◆ Material for this exercise
═══

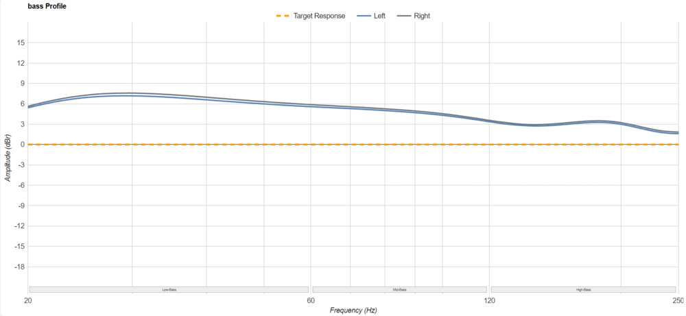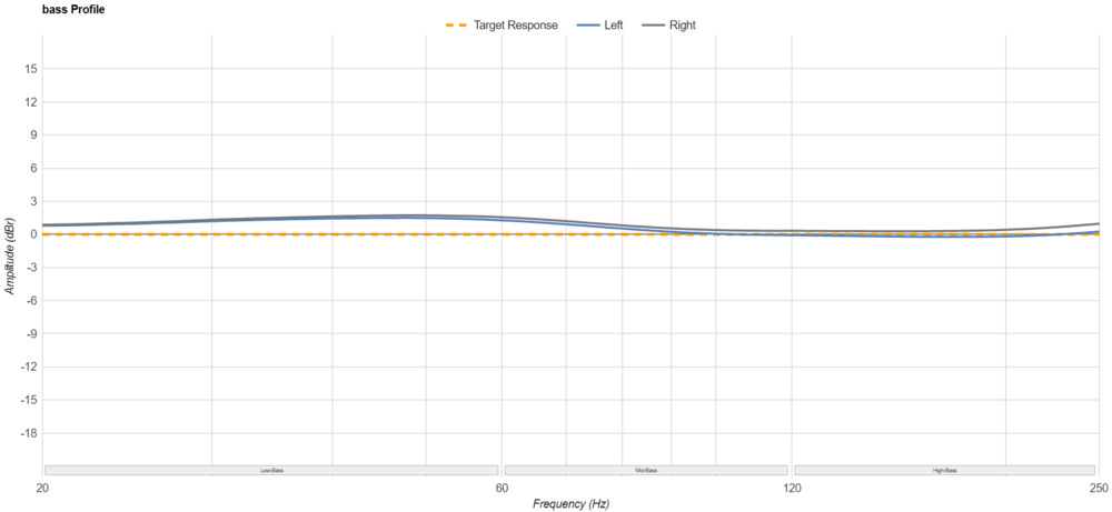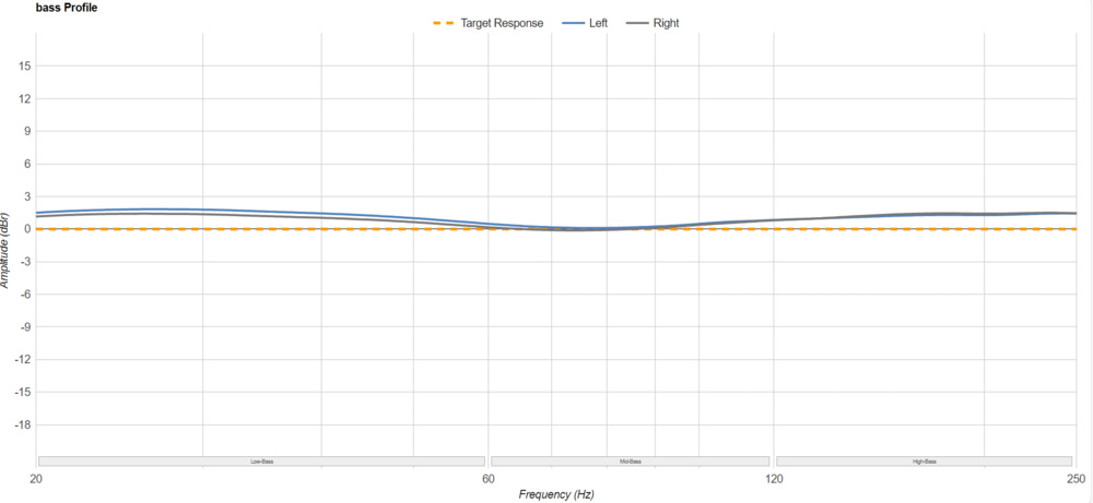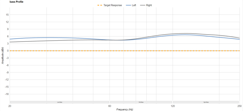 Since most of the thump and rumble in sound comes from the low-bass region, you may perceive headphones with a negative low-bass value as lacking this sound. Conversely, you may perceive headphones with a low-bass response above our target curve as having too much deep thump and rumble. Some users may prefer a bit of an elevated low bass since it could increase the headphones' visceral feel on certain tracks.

═══

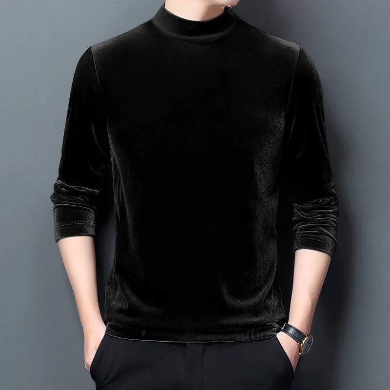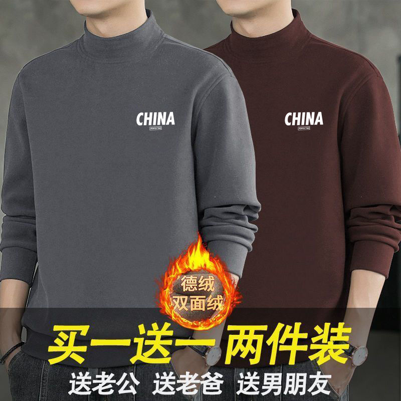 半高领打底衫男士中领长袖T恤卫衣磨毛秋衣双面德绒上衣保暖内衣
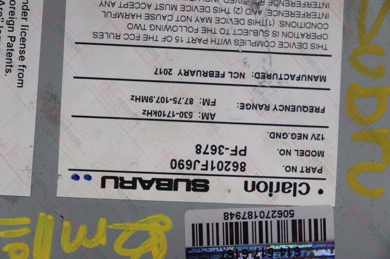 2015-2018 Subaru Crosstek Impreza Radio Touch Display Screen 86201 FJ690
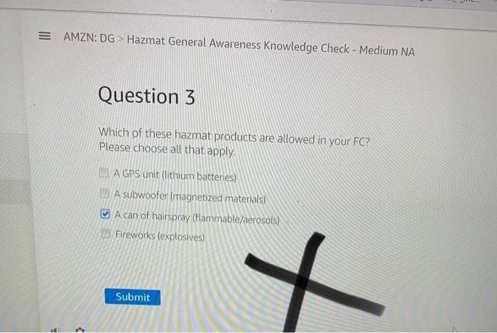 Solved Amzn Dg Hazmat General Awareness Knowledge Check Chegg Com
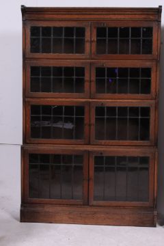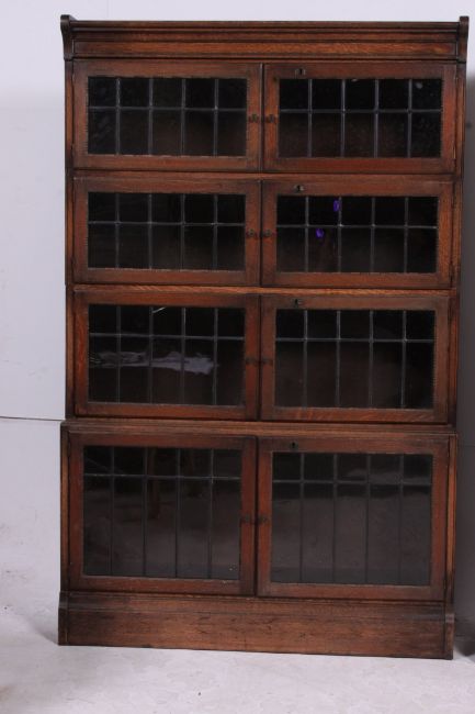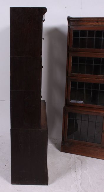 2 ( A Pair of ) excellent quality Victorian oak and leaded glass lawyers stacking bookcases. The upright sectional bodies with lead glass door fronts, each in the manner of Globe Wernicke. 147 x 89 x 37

═══

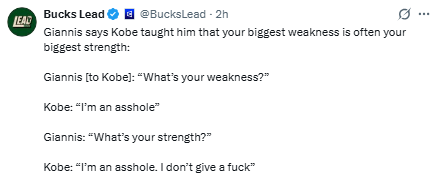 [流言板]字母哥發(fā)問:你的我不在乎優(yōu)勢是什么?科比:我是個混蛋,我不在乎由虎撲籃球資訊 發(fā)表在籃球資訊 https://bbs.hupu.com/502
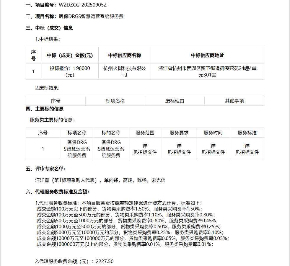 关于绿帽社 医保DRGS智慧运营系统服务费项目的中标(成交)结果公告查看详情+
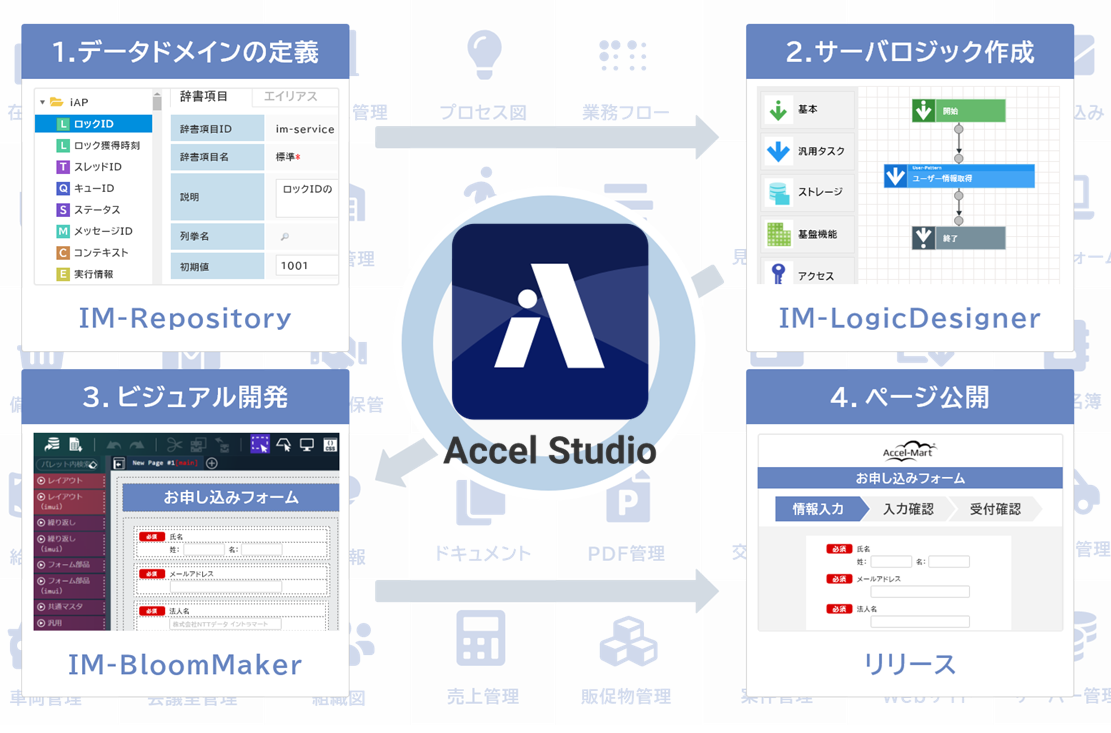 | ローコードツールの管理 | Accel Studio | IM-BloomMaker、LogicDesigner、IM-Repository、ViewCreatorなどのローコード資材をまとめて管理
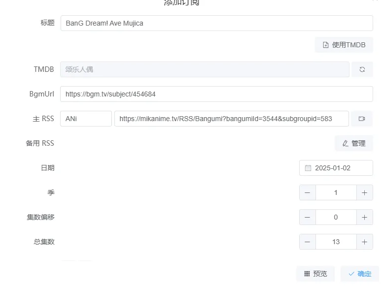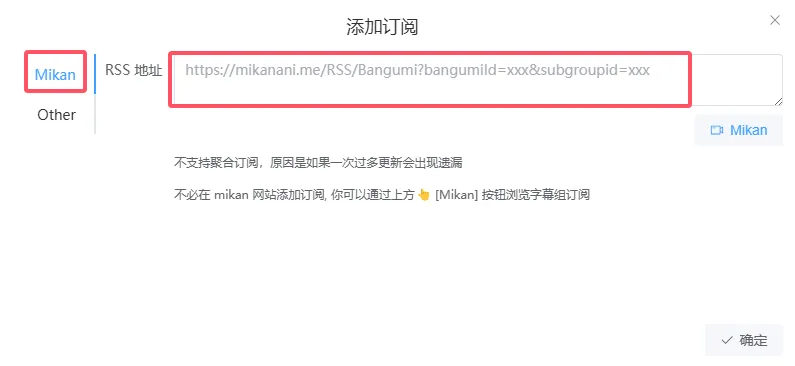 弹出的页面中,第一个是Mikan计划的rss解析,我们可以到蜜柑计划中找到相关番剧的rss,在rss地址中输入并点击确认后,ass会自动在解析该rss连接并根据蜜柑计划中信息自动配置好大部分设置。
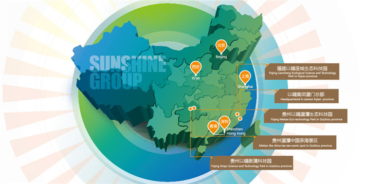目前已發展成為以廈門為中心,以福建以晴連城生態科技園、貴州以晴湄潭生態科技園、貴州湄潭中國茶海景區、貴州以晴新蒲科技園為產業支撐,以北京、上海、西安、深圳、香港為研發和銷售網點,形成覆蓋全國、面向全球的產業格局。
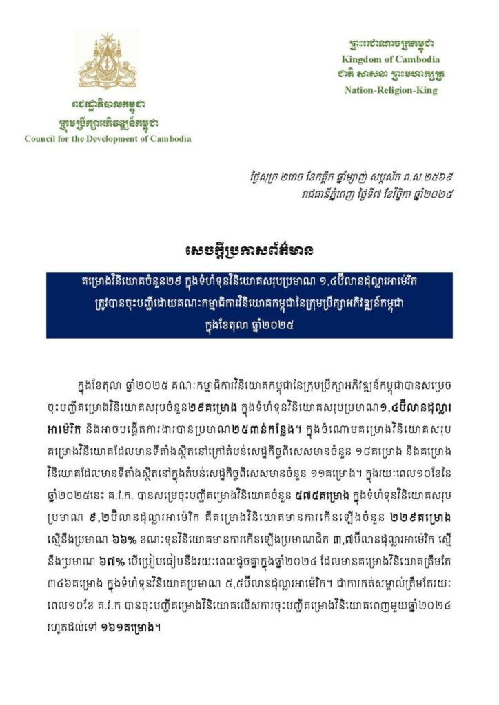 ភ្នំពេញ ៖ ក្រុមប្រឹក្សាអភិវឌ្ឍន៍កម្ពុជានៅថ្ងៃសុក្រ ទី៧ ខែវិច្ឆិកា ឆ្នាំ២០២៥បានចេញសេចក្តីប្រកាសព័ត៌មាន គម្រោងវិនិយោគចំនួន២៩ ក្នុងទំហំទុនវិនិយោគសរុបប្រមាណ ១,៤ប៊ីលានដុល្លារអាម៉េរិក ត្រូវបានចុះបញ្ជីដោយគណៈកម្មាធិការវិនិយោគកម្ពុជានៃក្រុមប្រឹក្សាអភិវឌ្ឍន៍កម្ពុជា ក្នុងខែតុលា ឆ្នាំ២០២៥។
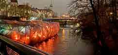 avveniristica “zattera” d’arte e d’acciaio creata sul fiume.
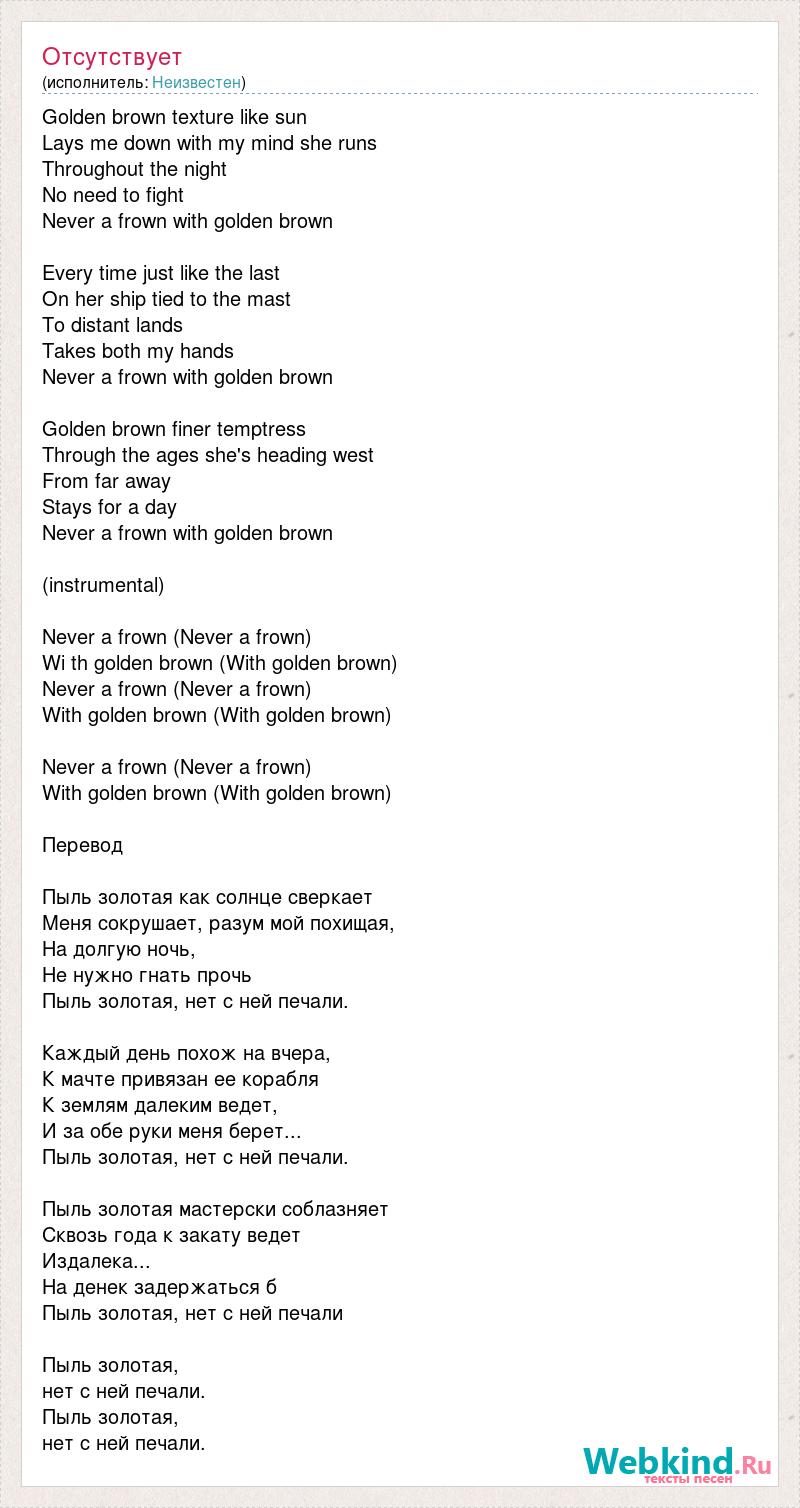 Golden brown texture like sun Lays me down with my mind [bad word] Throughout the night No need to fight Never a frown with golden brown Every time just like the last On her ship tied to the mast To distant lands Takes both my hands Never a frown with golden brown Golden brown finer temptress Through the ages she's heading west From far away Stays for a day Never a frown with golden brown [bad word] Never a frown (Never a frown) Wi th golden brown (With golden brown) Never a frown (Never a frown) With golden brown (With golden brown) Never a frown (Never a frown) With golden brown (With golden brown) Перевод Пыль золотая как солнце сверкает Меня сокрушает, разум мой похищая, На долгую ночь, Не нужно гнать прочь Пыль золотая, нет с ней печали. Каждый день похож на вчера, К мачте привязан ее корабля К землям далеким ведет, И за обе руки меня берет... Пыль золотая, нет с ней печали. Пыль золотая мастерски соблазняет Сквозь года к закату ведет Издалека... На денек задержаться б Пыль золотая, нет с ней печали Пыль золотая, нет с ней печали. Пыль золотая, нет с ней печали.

═══

◆ What to do
Word for word, repeat the lines above from the one with "2015-2018 Subaru Crosstek" through the one with "2 ( A Pair of", and nothing beyond them. Omit the pictures.

◆ Answer space
 2015-2018 Subaru Crosstek Impreza Radio Touch Display Screen 86201 FJ690
 Solved Amzn Dg Hazmat General Awareness Knowledge Check Chegg Com
 2 ( A Pair of ) excellent quality Victorian oak and leaded glass lawyers stacking bookcases. The upright sectional bodies with lead glass door fronts, each in the manner of Globe Wernicke. 147 x 89 x 37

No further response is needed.